Optionally, the power distribution network scenario aided decision model is obtained in the following manner:

acquiring historical operation data of the power distribution network;

setting an epsilon-greedy strategy selection action;

establishing a power distribution network system environment model based on the historical operation data of the power distribution network, and establishing a deep reinforcement learning model of an intelligent agent;

and based on a preset epsilon-greedy strategy, performing off-line training and learning by using a power distribution network system environment model and a deep reinforcement learning model to obtain a power distribution network dynamic case assistant decision model meeting the error requirement.

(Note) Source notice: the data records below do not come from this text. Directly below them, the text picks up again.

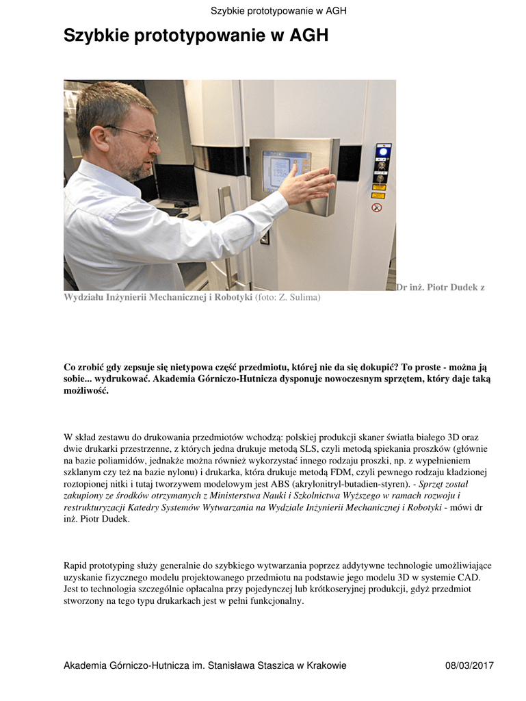 Szybkie prototypowanie w AGH Szybkie prototypowanie w AGH Dr inż. Piotr Dudek z Wydziału Inżynierii Mechanicznej i Robotyki (foto: Z. Sulima) Co zrobić gdy zepsuje się nietypowa część przedmiotu, której nie da się dokupić? To proste - można ją sobie... wydrukować. Akademia Górniczo-Hutnicza dysponuje nowoczesnym sprzętem, który daje taką możliwość. W skład zestawu do drukowania przedmiotów wchodzą: polskiej produkcji skaner światła białego 3D oraz dwie drukarki przestrzenne, z których jedna drukuje metodą SLS, czyli metodą spiekania proszków (głównie na bazie poliamidów, jednakże można również wykorzystać innego rodzaju proszki, np. z wypełnieniem szklanym czy też na bazie nylonu) i drukarka, która drukuje metodą FDM, czyli pewnego rodzaju kładzionej roztopionej nitki i tutaj tworzywem modelowym jest ABS (akrylonitryl-butadien-styren). - Sprzęt został zakupiony ze środków otrzymanych z Ministerstwa Nauki i Szkolnictwa Wyższego w ramach rozwoju i restrukturyzacji Katedry Systemów Wytwarzania na Wydziale Inżynierii Mechanicznej i Robotyki - mówi dr inż. Piotr Dudek. Rapid prototyping służy generalnie do szybkiego wytwarzania poprzez addytywne technologie umożliwiające uzyskanie fizycznego modelu projektowanego przedmiotu na podstawie jego modelu 3D w systemie CAD. Jest to technologia szczególnie opłacalna przy pojedynczej lub krótkoseryjnej produkcji, gdyż przedmiot stworzony na tego typu drukarkach jest w pełni funkcjonalny. Akademia Górniczo-Hutnicza im. Stanisława Staszica w Krakowie 08/03/2017 Szybkie prototypowanie w AGH Element powstały w technologii FDM jest wprawdzie nieco mniej wytrzymały niż przedmiot wykonany na wtryskarce, jednakże możemy w pewnym stopniu sterować wytrzymałością poprzez zagęszczenie lub luźniejsze pokrycie nitkami w taki sposób, aby struktura wewnętrzna była gęstsza, dzięki temu przedmiot jest bardziej wytrzymały. Luźniejsze wypełnienie powoduje mniejsze zużycie materiału modelowego, co oczywiście znacząco przekłada się na koszty wydruku. Przedmiot nie jest może w stu procentach wytrzymały, tak jak w przypadku modelu wytłaczanego na wtryskarkach, ale jest funkcjonalny. Przy zapotrzebowaniu na krótkie serie, czyli kilka - kilkanaście sztuk drukowanie jest też dużo bardziej opłacalne niż tworzenie matryc, nawet kilkunastokrotnie. Nasi naukowcy drukowali już na różnorodne zlecenia, np. model dydaktyczny podzielnicy na pracę dyplomową jednego ze studentów, elementy zwieszenia modeli RC, model prototypowej szczoteczki do zębów. Obecnie w fazie drukowania i projektowania jest kilka modeli z prac dyplomowych i projektów studentów: model dłutownicy Fellowsa, tokarki, maszyny do giga makro fotografii . - To co tu robimy to w pełni użyteczne modele - zapewnia dr Dudek. Urządzenie na Wydziale Inżynierii Mechanicznej i Robotyki drukuje tylko w plastiku, więc nie zastąpi odlewów z metalu, ale są już takie maszyny, które mają lasery większej mocy (moc naszego lasera to max. 30 watów) i mogą drukować w proszkach metali. W takich maszynach moc lasera zaczyna się od 100 watów i z nich można uzyskać produkt metalowy. Dzięki tego typu urządzeniom można sprawdzić, jak w rzeczywistości będzie wyglądał odlew metalowy. Ważnym aspektem w tym przypadku jest gęstość modelu - systemy tworzące metalowe części pozwalają uzyskać modele o gęstości 99 proc. Dzięki temu charakterystyki wytrzymałościowe tak uzyskanych modeli nie różnią się od charakterystyk części uzyskanych czasochłonnymi metodami tradycyjnymi. To są oczywiście znacznie większe koszty, bo proszek metalowy jest droższy niż plastikowy. Za to stosując metodę drukowania w 3D można uzyskać obiekty, których nie da się stworzyć metodą odlewania, lub jest to skomplikowane. Jednakże w proszkach stopów stali, brązów, aluminium, chromowo-kobaltowych, tytanu, złota czy też srebra możliwy jest wydruk bardzo skomplikowanych kształtów. Należy tylko zwrócić uwagę, że powierzchnia tak uzyskanych przedmiotów charakteryzuje się większą chropowatością i wymaga dodatkowej obróbki wykańczającej. Jak to działa? Najpierw należy narysować w programie 3D lub zeskanować dany przedmiot i zapisać go w formacie STL, w którym powierzchnia przedmiotu opisywana jest za pomocą siatki trójkątów. Kolejnym krokiem jest odpowiednie pozycjonowanie przedmiotu, zwykle tak, aby zajmował on po wydruku jak najmniejszą wysokość komory roboczej, gdyż koszty i czas wydruku jest wówczas najmniejszy. Kolejnym krokiem jest uruchomienie procedury lub programu do "pocięcia" modelu na warstwy. W przypadku maszyny FDM można już tak przetworzone dane wysłać do drukarki i uruchomić proces drukowania, a po jego zakończeniu oderwać model od stołu i oczyścić z materiału podporowego. Dla maszyny SLS należy jeszcze po pocięciu na warstwy poprawić ewentualne błędy ścieżki lasera dla niektórych warstw, przygotować zadanie i wysłać je poprzez sieć do drukarki. Drukarka powinna być dokładnie wyczyszczona, przygotowany wcześniej proszek (minimum 24 godz. wcześniej) umieszczony w zasobnikach i po rozprowadzeniu wstępnym proszku na stole roboczym można uruchomić proces wstępnego nagrzewania i proces wydruku. Po wydrukowaniu należy pozwolić, aby wydrukowane elementy powoli wystygły w maszynie minimum tyle czasu, ile trwał proces wydruku. Drukowanie dużych elementów może trwać nawet 1,5 dnia, wówczas dodatkowe 1,5 dnia maszyna musi stygnąć. Tak więc wytworzenie prototypu trwa około trzech dni. Małych Akademia Górniczo-Hutnicza im. Stanisława Staszica w Krakowie 08/03/2017 Szybkie prototypowanie w AGH modeli odpowiednio krócej. Co bardzo ciekawe, drukarka 3D potrafi tworzyć przedmioty wraz z ich częściami ruchomymi. Jeśli drukujemy np. klucz francuski to mimo że klucz będzie drukowany jako jedna całość (przedmiot jednobryłowy) to jeg
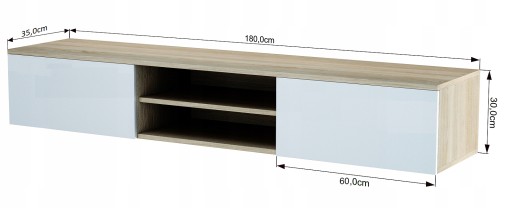 - Całkowite wymiary szafki: szerokość: 180 cm, wysokość: 30 cm, głębokość 35 cm
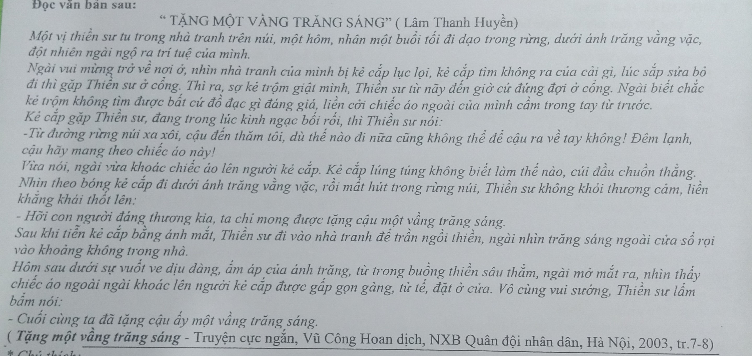 Chii Quyình Truyện "Tặng một vầng trăng sáng" của Lâm Thanh Huyền, dịch bởi Vũ Công Hoan, kể về một vị thiền sư tu trong nhà tranh trên núi. Một buổi tối, khi đi dạo trong rừng dưới ánh trăng, ngài nhận ra trí tuệ của mình. Vui mừng trở về nhà, ngài thấy nhà tranh của mình bị kẻ cắp lục lọi nhưng không tìm được gì đáng giá. Khi ngài chuẩn bị rời đi, ngài gặp Thiền sư ở cổng. Thiền sư đã đứng đợi ở đó để ngăn chặn kẻ trộm. Ngài biết rằng kẻ trộm không tìm được gì, liền cởi chiếc áo ngoài của mình và đưa cho kẻ trộm. Kẻ trộm lúng túng không biết làm gì, cuối cùng cúi đầu đi đi. Sau khi tiễn kẻ trộm, Thiền sư đi vào nhà tranh để thiền. Hôm sau, ngài mở mắt và thấy chiếc áo ngoài ngài đã được gấp gọn gàng và đặt ở cửa. Ngài vui mừng và nói rằng cuối cùng đã tặng kẻ trộm một vầng trăng sáng.
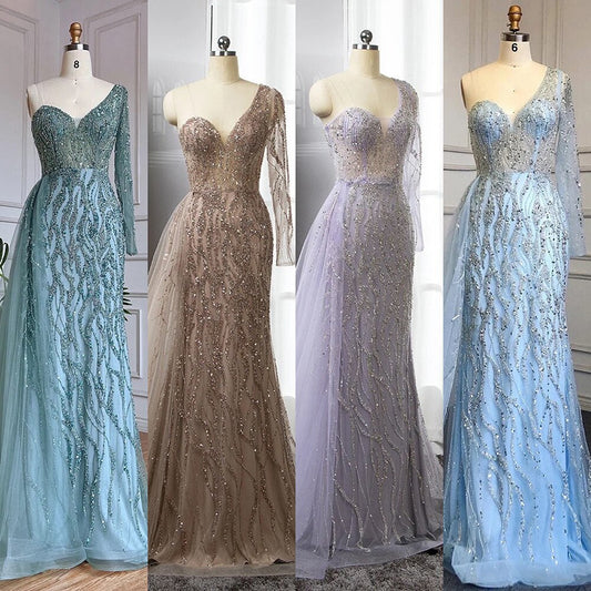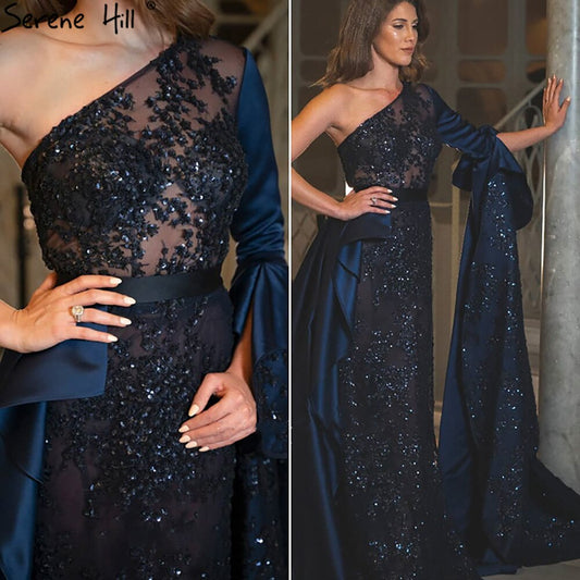 Blue Mermaid Sexy Elegant One Shoulder Evening Dresses Gowns Beaded Luxury 2025 For Women Party LA71629
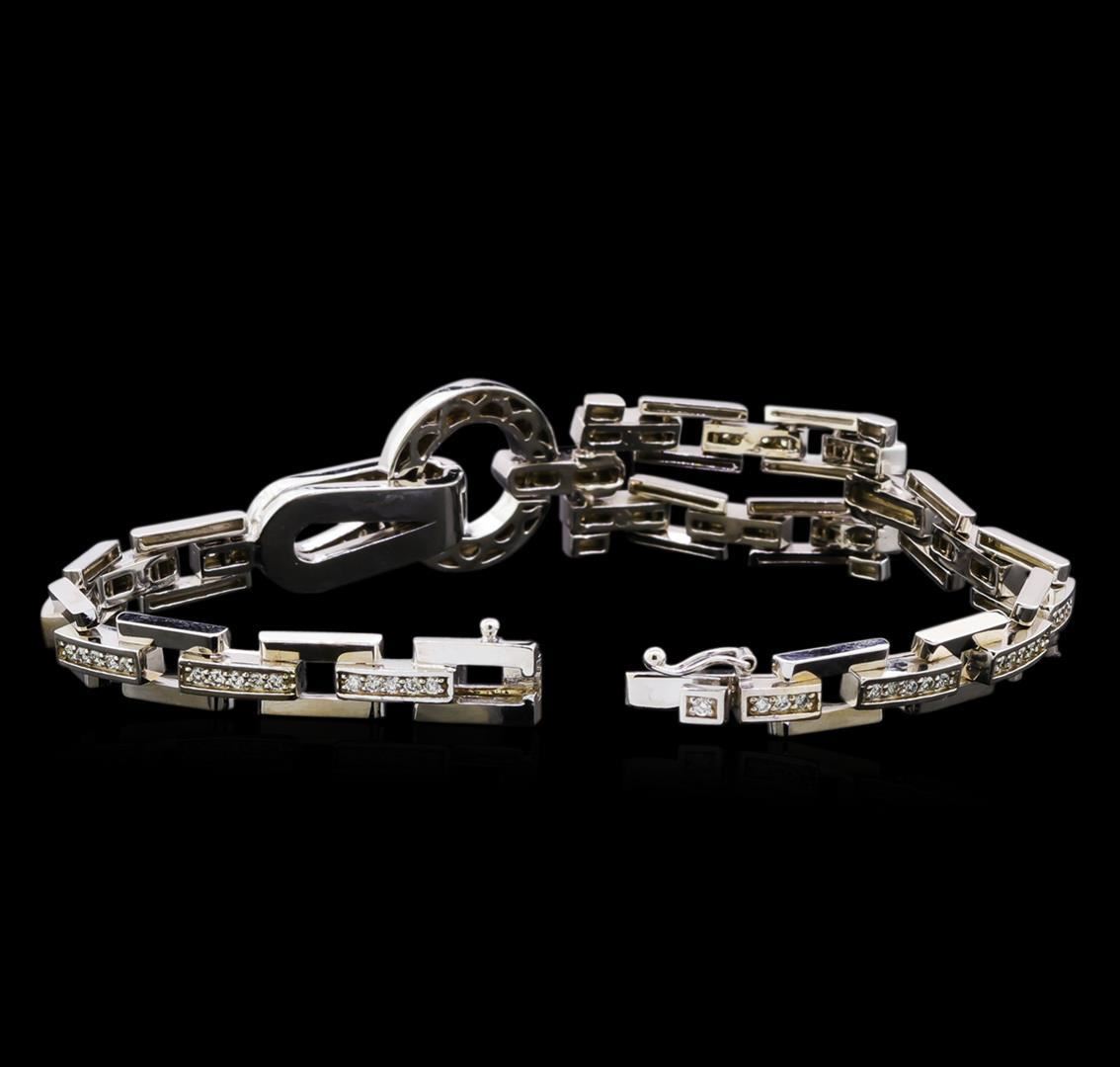 One electronically tested 14KT white gold lady's combination cast & assembled fashion link bracelet with a tongue clasp with foldover safety with a bright polish finish. The featured lady's link bracelet measures 7 inches in length. Identified with markings of "K14". Condition is new, good workmanship. Containing: Nineteen prong set round brilliant cut diamonds, measuring 1.80 - 1.70 x 1.05mm (depth est.) approximate total weight of 19 Stones = 0.36ct. Graded in the setting. Clarity: SI-1 to SI-2. Color: G - Good Eighty-Six prong set round brilliant cut diamonds, measuring 1.40 - 1.35 x 0.83mm (depth est.) approximate total weight of 86 Stones = 0.85ct. Graded in the setting. Clarity: SI-1 to SI-2. Color: G - I. Cut Good. Total Weight of Diamonds 1.21ct. Total Weight of Link Bracelet 20.40gm. GAS Appraised.
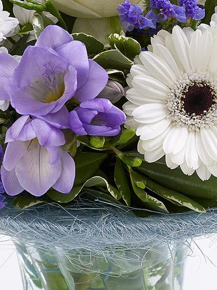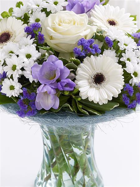 Shades of pastel blue and lilac are perfect, here we’ve contrasted them with fresh white for ultimate impact on arrival. Featuring 3 white germini, a white large headed rose, 3 white spray chrysanthemums and 2 purple freesia, with purple statice, salal and pittosporum, arranged in a clear glass vase slightly different to the one pictured. The blue vase is discontinued.

Optionally, after the historical operation data of the power distribution network is obtained, the historical operation data of the power distribution network is preprocessed, and the historical operation data of the power distribution network is converted into an original sample set suitable for a reinforcement learning algorithm.

Optionally, the power distribution network system environment model and the deep reinforcement learning model are used for offline training and learning, and the method specifically includes the following steps:

the power distribution network system environment model returns a new system state and calculates a corresponding reward value every time the power distribution network system environment model executes the action given by the deep reinforcement learning model; and the deep reinforcement learning model continuously learns and improves the action strategy in the interaction process with the power distribution network system environment model by taking the control action capable of maximizing the reward expectation value as the target according to the current state.

Optionally, the establishing of the power distribution network system environment model includes: a smart agent state space, an action space, and a smart agent reward/penalty mechanism are set.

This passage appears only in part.